Without doubt, Inoue-Fulton is one of the best fights that can be made in the sport. Not only do these fighters have some of the best nicknames in all of boxing (“The Monster” and “Cool Boy Steph” respectively), neither man has ever tasted defeat. And they’ve got enough world title belts between them to fill a glass cabinet. Inoue has won 7 world titles in three different weight divisions. He was last seen winning the undisputed bantamweight championship of the world in December when he stopped Paul Butler in 11. Fulton, on the other hand currently holds the WBC and WBO junior featherweight titles in his possession.
Inoue, of course, would like to add those belts to his own impressive collection. Having polished off the entire bantamweight division, the 29 year old Japanese fighter is looking forward to bigger things. Philly’s Fulton, however, is no joke. Last seen in action cruising past Daniel Roman back in the spring, the 29 year old is as sharp as they come in the ring. Fast, accurate, and possessing excellent footwork, Fulton knows how to employ a premier level fight plan and has the confidence and athleticism to carry it out.
Yet Inoue is something different. As Boxing Insider’s 2022 fighter of the year, the man tore through his competition like the star attraction that he is.
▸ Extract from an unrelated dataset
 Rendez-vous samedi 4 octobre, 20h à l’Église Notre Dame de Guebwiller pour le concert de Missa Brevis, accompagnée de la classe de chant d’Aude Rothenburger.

As I wrote at the time, “in a career that’s lasted a bit over ten years, Japan’s Inoue has become a world titlist in three weight divisions and currently has a resume of twenty-four wins against zero losses. What’s more, all but three of those wins have come within the distance. Inoue, as is quite obvious, can hit. Hard. He also closes the show in wildly impressive fashion.”
Something Futlon, who looks as if he may bravely travel to Inoue’s home country to face the man, might want to keep in mind.